Note:
This topic has been translated from a Chinese forum by GPT and might contain errors.
Original topic: 一条sql显示慢在not(isnull(字段)),是什么原因?
【TiDB Usage Environment】Production Environment
【TiDB Version】
【Reproduction Path】What operations were performed that led to the issue
【Encountered Issue: Issue Phenomenon and Impact】
【Resource Configuration】Go to TiDB Dashboard - Cluster Info - Hosts and take a screenshot of this page
【Attachments: Screenshots/Logs/Monitoring】
Testing sql.sql (11.3 KB)
Untitled.xlsx (12.0 KB)
time:1.38s, loops:830, cop_task: {num: 121, max: 89.5ms, min: 432.2µs, avg: 13.3ms, p95: 44.4ms, max_proc_keys: 20480, p95_proc_keys: 20478, tot_proc: 936ms, tot_wait: 290ms, rpc_num: 121, rpc_time: 1.6s, copr_cache_hit_ratio: 0.11, distsql_concurrency: 15}, tikv_task:{proc max:48ms, min:0s, avg: 9.12ms, p80:22ms, p95:35ms, iters:1116, tasks:121}, scan_detail: {total_process_keys: 584729, total_process_keys_size: 178611036, total_keys: 584909, get_snapshot_time: 14.1ms, rocksdb: {key_skipped_count: 1169046, block: {cache_hit_count: 8000, read_count: 24, read_byte: 39.7 KB, read_time: 72.7µs}}}
Does the result of process_keys above match your expectations?
key_skipped_count: 1169046 (Is there a large amount of deletion in the table data?)
There should not be a large amount of data being deleted during the query.
The key_skipped_count
is the number of MVCC versions that have not yet been garbage collected. Both update and delete operations will cause this number to rise. If there were a large number of delete or update operations before the SQL execution, then this value might be correct. You can check the GC time you have set; if it is long, you can appropriately reduce it. This way, the MVCC will be significantly reduced, and it won’t scan too much useless data.
I didn’t see any areas that could be optimized.
What is the issue with SQL?
Could you please post the specific SQL?
The image is not visible. Please provide the text you need translated.
The value of key_skipped_count: 1,169,046 is a bit large. Check the cluster GC settings and see if you can speed it up. After re-running the GC, running the SQL should be faster.
not(isnull(et.atdpersonpaycode.paycode))
Corresponding to ON AC.id = PCODE.paycode
When PCODE goes back to the table, it needs to find rows where paycode is not null (this is slow) and then perform a hash join with AC.
It looks like the index selection is not very reasonable. Try analyzing the PCODE table first.
First, manually analyze the involved tables, then execute the select statements in the WITH clause separately to check the speed and the amount of returned data.
isnull should not use an index.
Already analyzed this table, it’s useless.
I tested that as long as there is a join query in TiDB, there will be this isnull.
Please post the SQL and execution plan after anonymizing them.
I don’t understand what desensitization means, but the execution plan and SQL are both here.

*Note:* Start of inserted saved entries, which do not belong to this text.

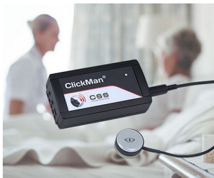
Adaptive multicontroller for single sensors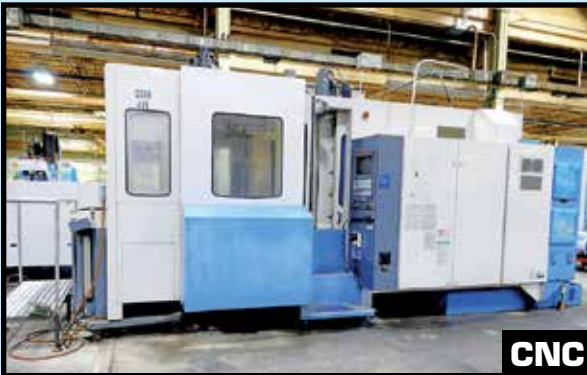
MAZAK MDL. FH680 CNC HORIZ. MACHINING CENTER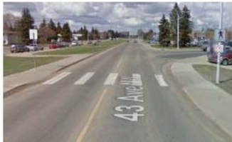
Site-specific considerations: Multiple crosswalks currently exist across 43 Avenue.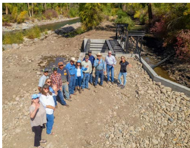
Efficient Delivery Systems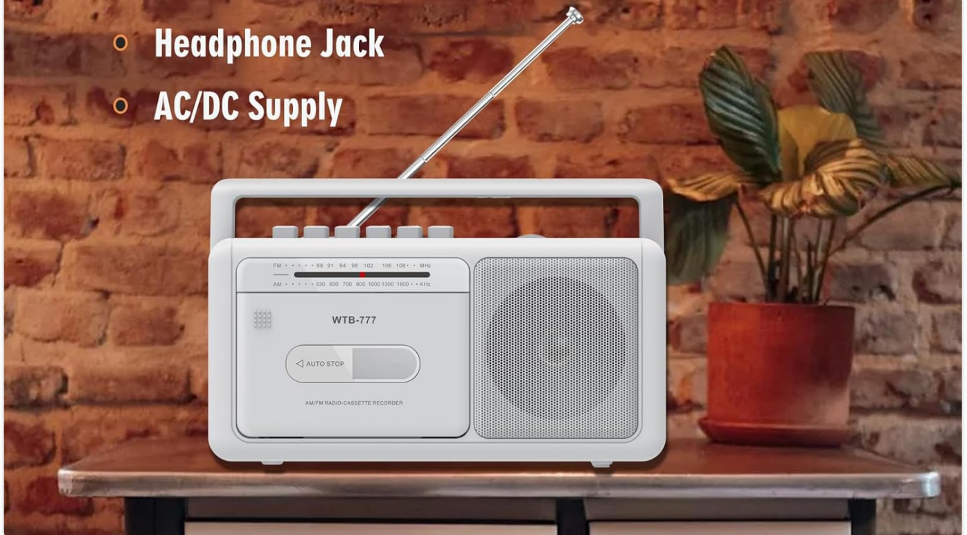
Figure 2: Key Features of the WTB-777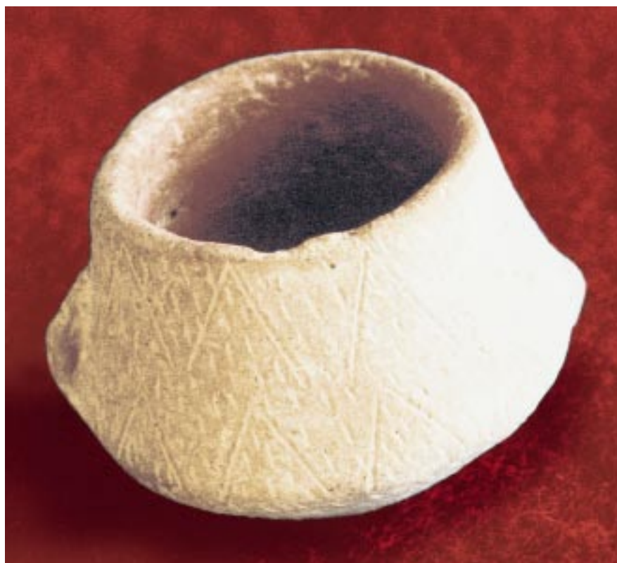
SMALL CERAMIC POT was used to hold red ocher, a pigment daubed on ritual figures and human bones during Maltese burial rites.

gant, and there is evidence that some of it included animal figures and pitted patterns. The builders did not apply red ocher as liberally as their predecessors did, and they painted only a few of the nearby slabs. Available supplies were made to stretch further.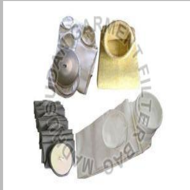
Fiber Glass Spray Dryer Bag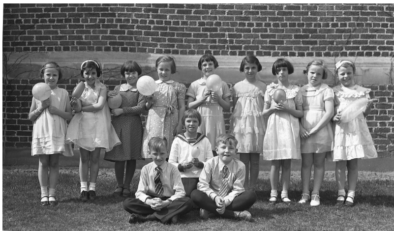
Pupils from Ontario School for the Deaf (now the Sir James Whitney School for the Deaf) in Belleville, Ontario, between 1936 and 1939

This section endeavors to bring to light the diversity of elements encapsulated by the term "education" in a transatlantic perspective. The articles touch on educational policies and institutions, currents and movements whose focus is education, pedagogical science and the content of teaching, as well as the material framework of delivery. The picture would not be complete without paying attention to the agents: teachers, pedagogues, targeted audiences, national and international bureaucrats, experts, etc.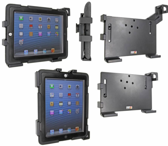
Sample device is shown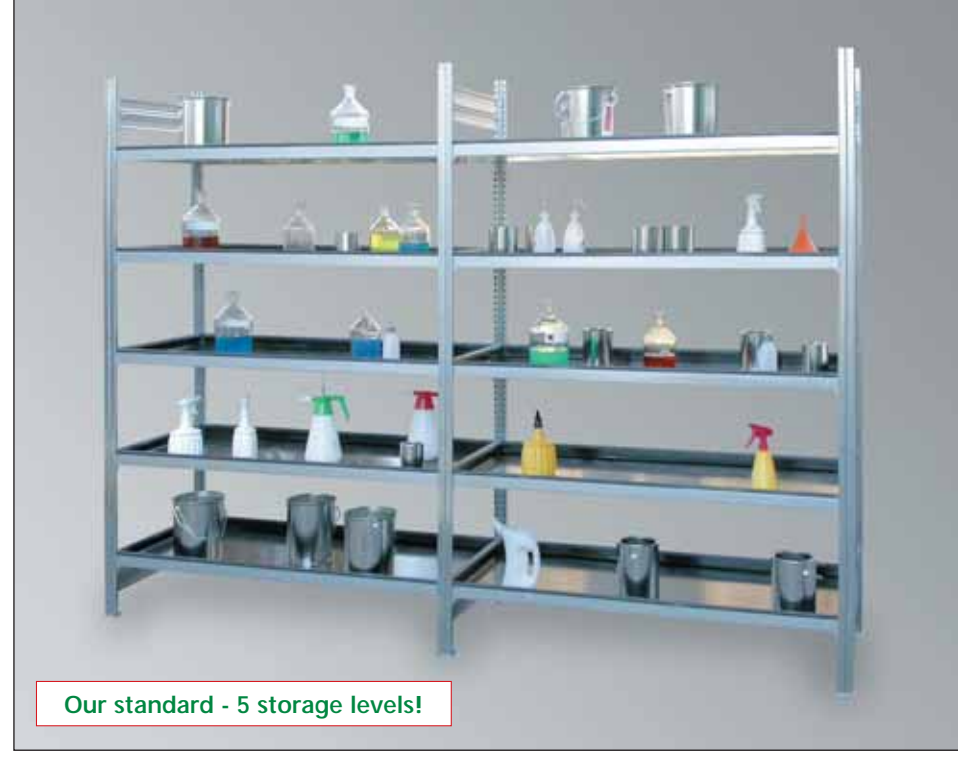
KG-GR 130 WPE, basic unit, Art. No. R71-2122-D and extension unit, Art. No. R71-2123-D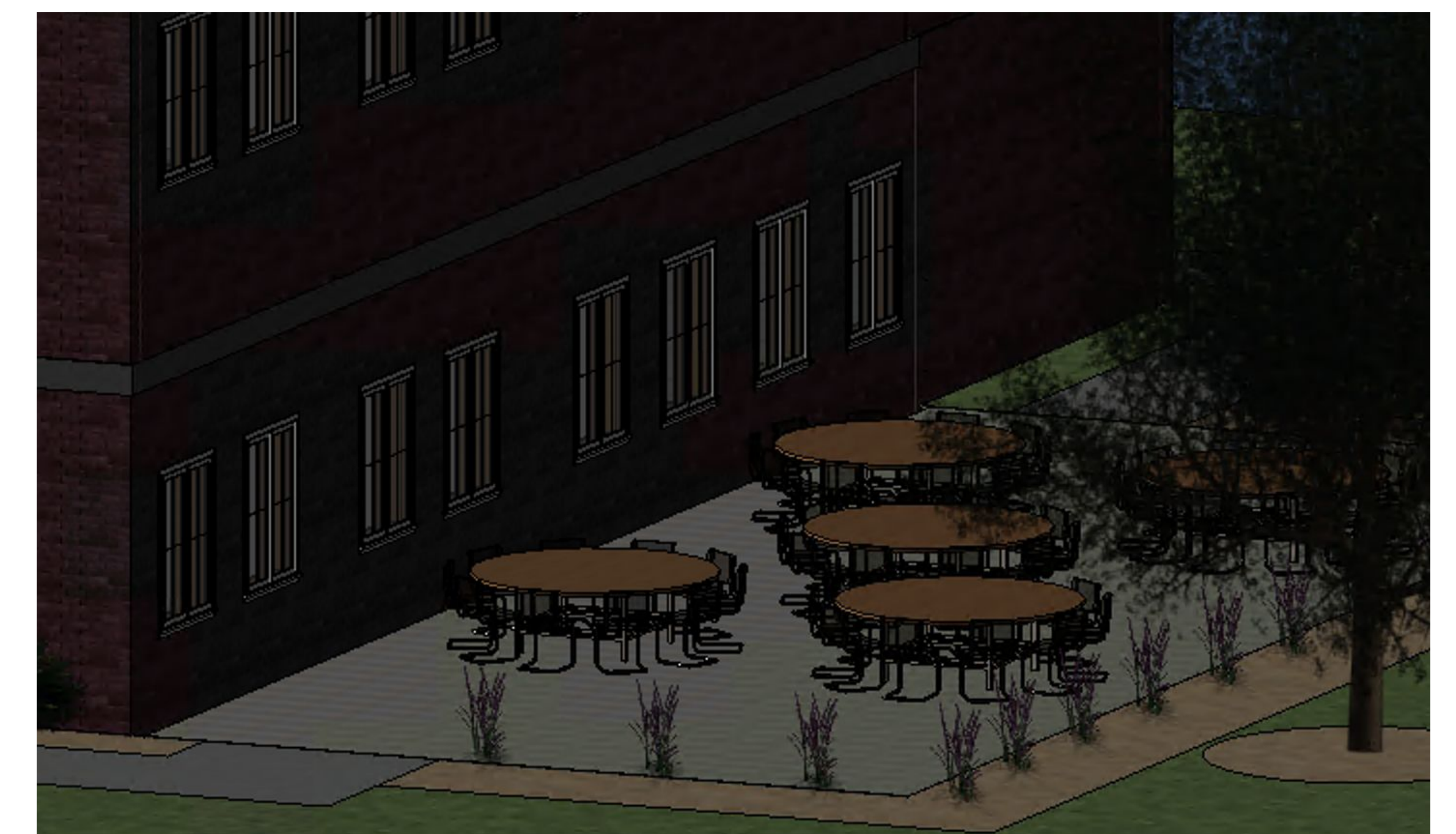
Figure 4. The outdoor patio addition used for receptions and community gatherings.

A large paver patio will be put together on the western edge of the school building for ceremonies, receptions, and community events.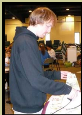
Pictured on this page: PLCF Church members prepare materials for the VBS to be held in Ethiopia this summer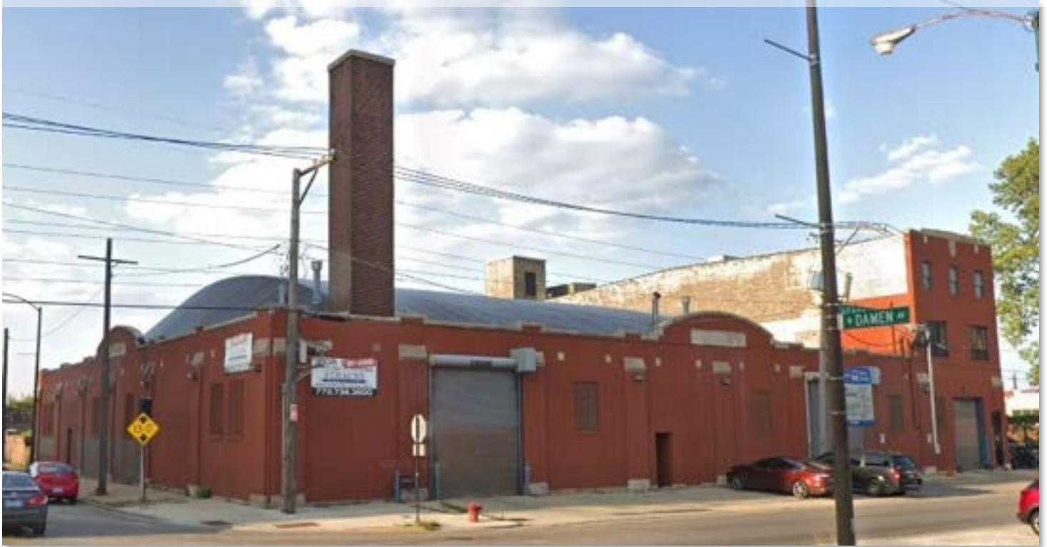
STEEL, BOW-TRUSS, CLEAR SPAN SINGLE STORY BUILDING ON THE CORNER OF DAMEN & CARROLL IN THE KINZIE INDUSTRIAL CORRIDOR.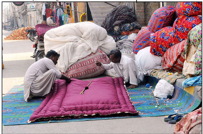
MULTAN: Workers are busy stitching quilts at their workplace as demand increases in the winter season.

KHANEWAL (APP): In line with the directions of the Punjab government, the district administration has initiated pre-measures to achieve the wheat cultivation target for the upcoming season. The Agriculture Extension Department has been tasked with cultivating wheat on 504,000 acres across the district. A district-level wheat committee meeting was chaired by Deputy Commissioner Bukhari directed the Agriculture department to achieve the set cultivation target. meeting was attended by ADCG Ghulam Mustafa, officials from the Agriculture Extension and Irrigation departments, fertilizer dealers, and representatives of the farming community. Discussions focused on the steps necessary to meet the cultivation target, as well as the availability of quality wheat seeds and fertilizers.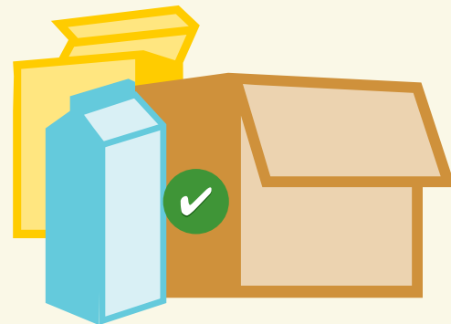
cardboard and cartons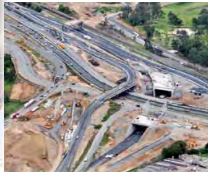
Works underway August 2008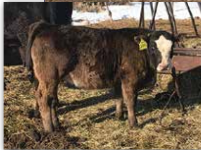
GIDSCO Kiri as a calf.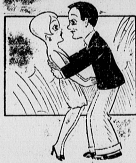
"Won't you consider becoming a life partner of mine?" "How much capital can you put in?"

He married a girl who couldn't cook, and thus his hopes ran high: But, alas; she bought a recipe book And just began to try. Poor chap; She just began to try.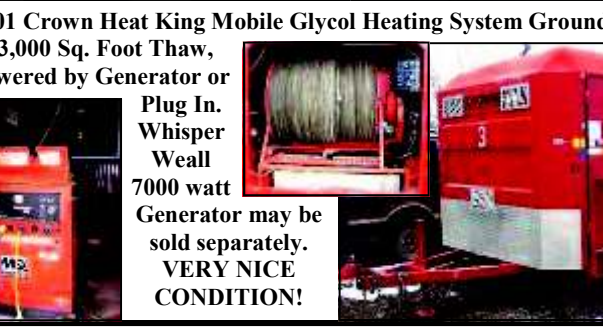
2001 Crown Heat King Mobile Glycol Heating System Ground Heater 13,000 Sq. Foot Thaw, Powered by Generator or Plug In. Whisper Weall 7000 watt Generator may be sold separately. VERY NICE CONDITION!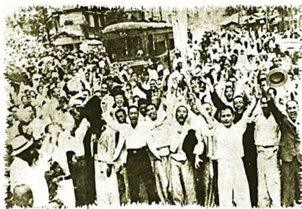
Koreans celebrate independence on August 15, 1945

The August 15, 1945 announcement by the Japanese Emperor declaring Japan's intention to accept the Allied forces' terms of unconditional surrender sent Koreans throughout the empire into the streets in celebration. For the first time in decades they could freely associate with their fellow countrymen, communicate in their native language, and wave their national flag ( taegeukgi ) as Koreans without fear of punishment.[1]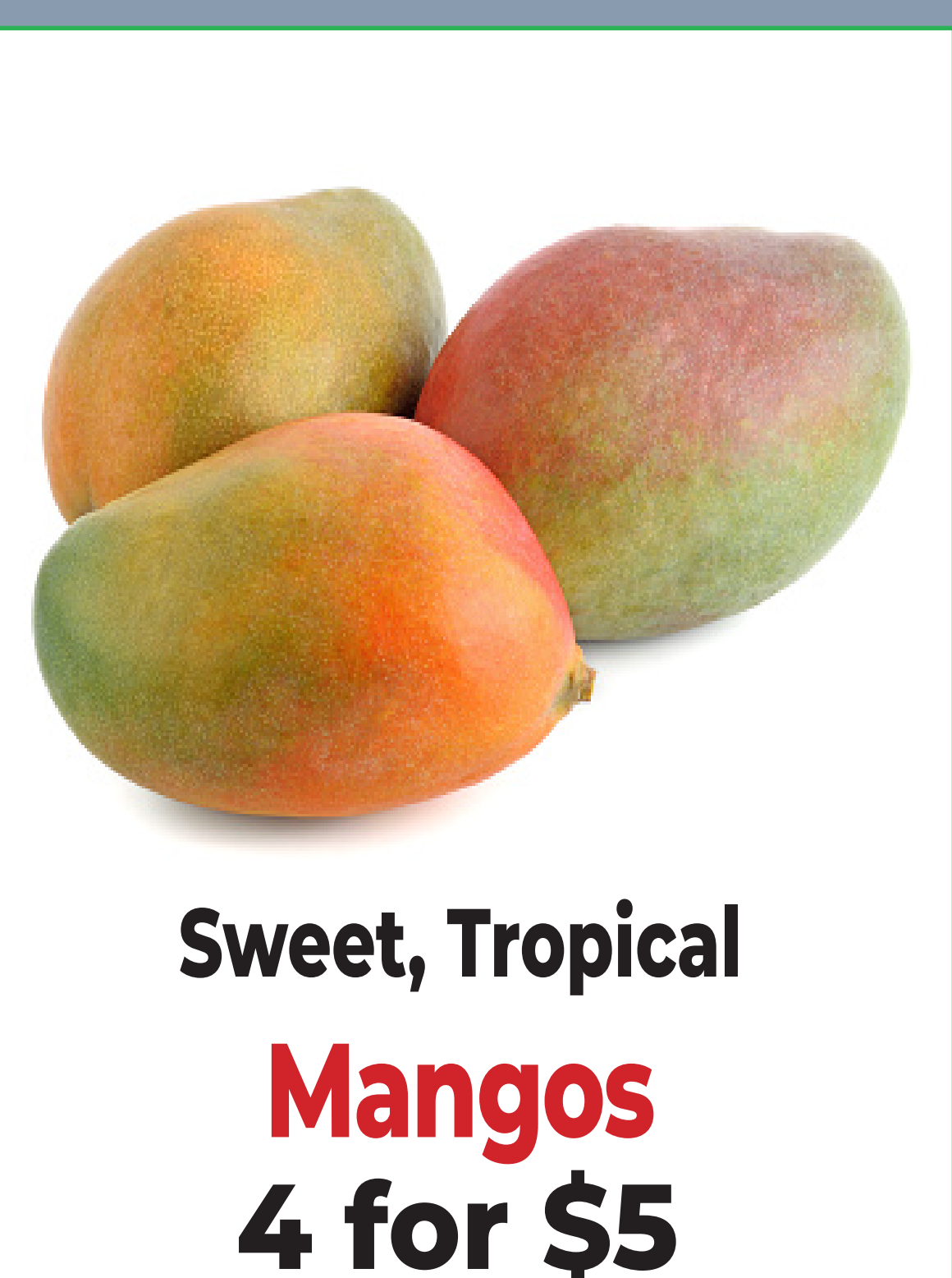
Sweet, Tropical Mangos 4 for $5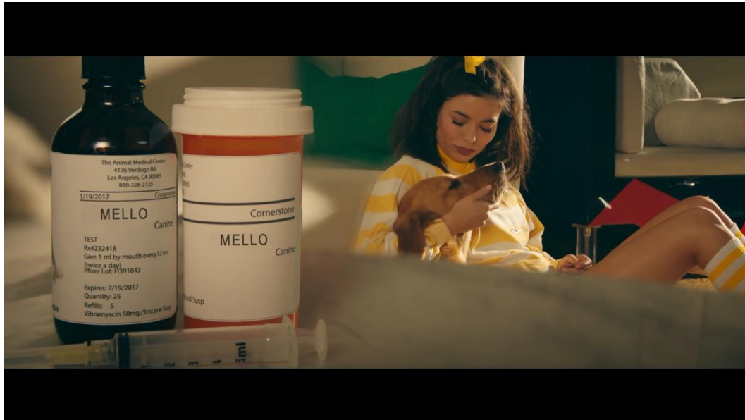
Figure 6. Focused image of medicine on the table and a worried girl holding her dog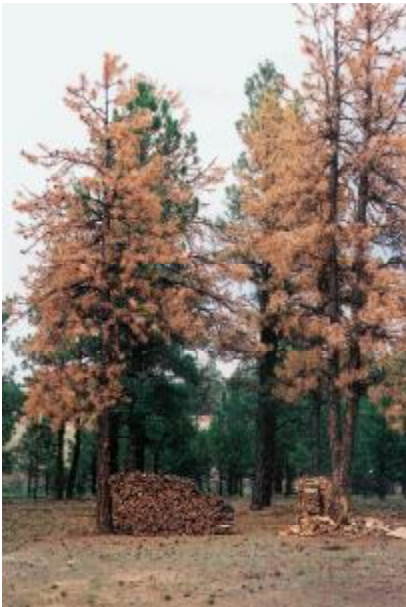
Storing cut firewood near susceptible trees greatly increases the risk of ips beetle attack.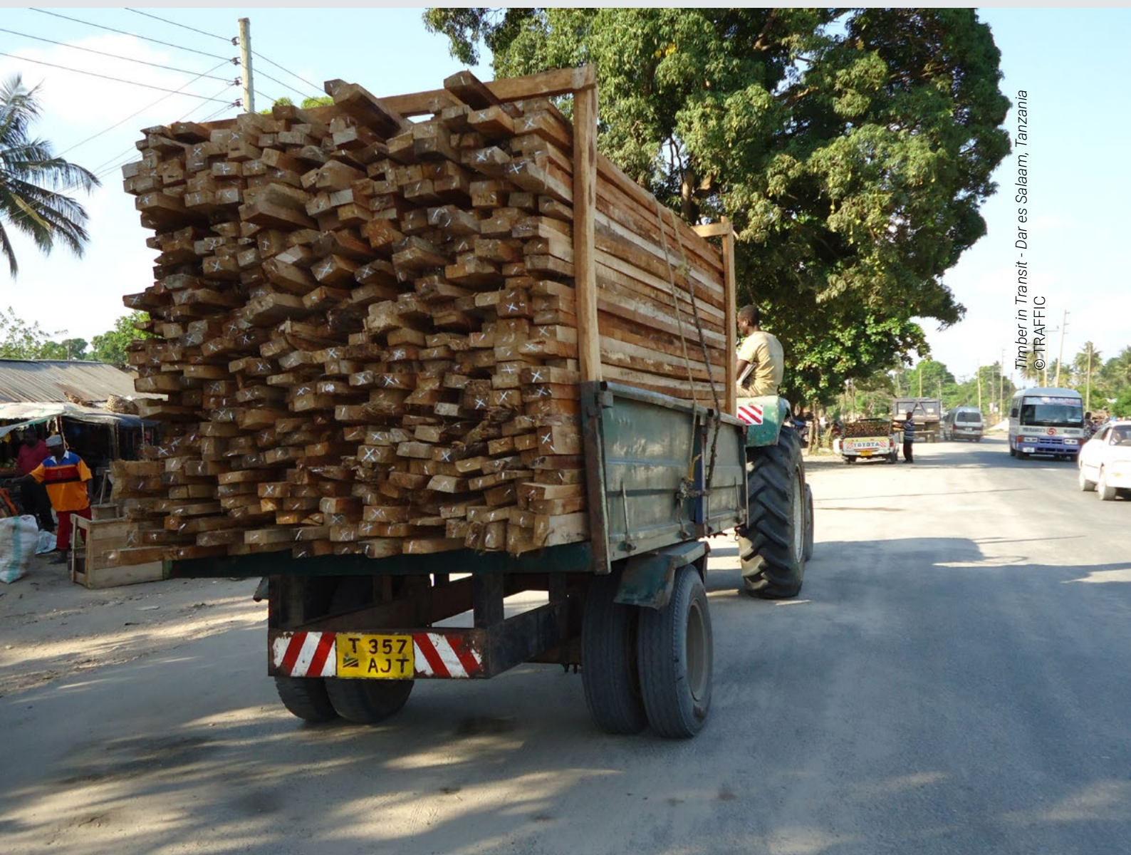
Timber in Transit - Dar es Salaam, Tanzania

NBS (2021), Tanzania in Figures , National Bureau of Statistics, Ministry of Finance and Planning, The United Republic of Tanzania.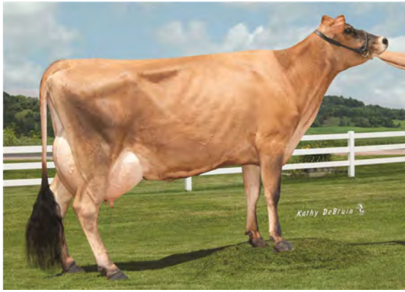
ALL LYNN'S JEVON VARINA-ET, VG-84% GREAT-GRANDAM OF LOT 8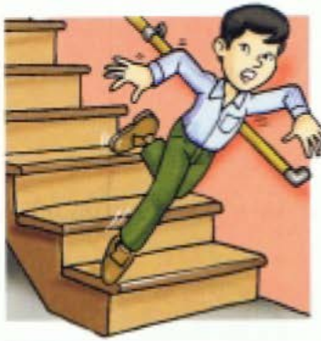
4. Henry tripped and fell* walking down the stairs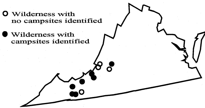
Figure 1—Location of the wilderness areas included in this study.

accommodated by three areas: Lewis Fork, Mountain Lake and Little Wilson Creek Wildernesses (table 1).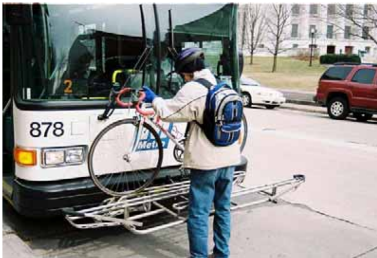
Bike Rack on Madison Metro Bus.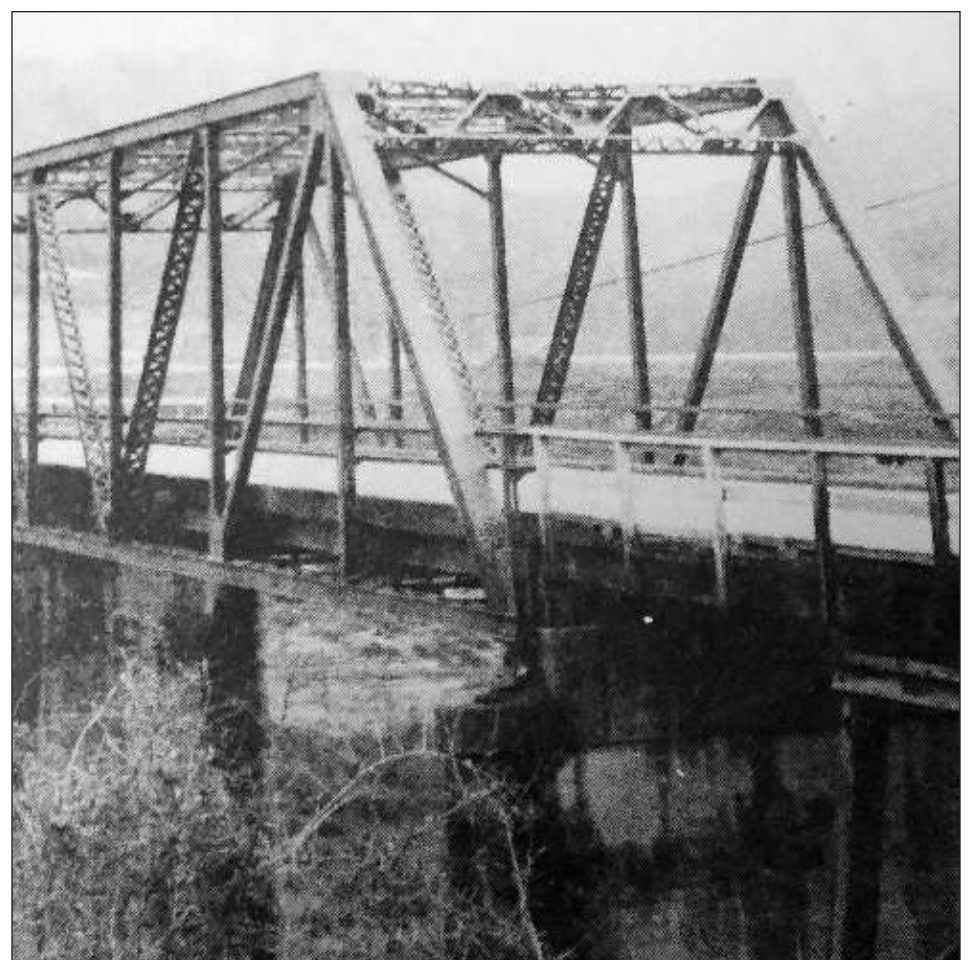
Bridge – Pictured is the old bridge that used to extend over Roaring River before it was replaced by the current bridge.

Sorry, I clicked earlier thinking it was an image
In the execution info, the time represents the total wall time from entering the operator to leaving the operator, including the total execution time of all sub-operator operations. If the operator is called multiple times by the parent operator (loops), this time is the cumulative time. Loops is the number of times the current operator is called by the parent operator.
In your SQL, it can be understood as the time taken for PCODE to return to the table after index scanning. Here, 3,026,973 rows are returned to the table, which is too many, so it is slow. You can try to make the PCODE table use HASH JOIN.
What is the function of hash join that you mentioned? How does it work, what is the principle, and are there any articles to learn from?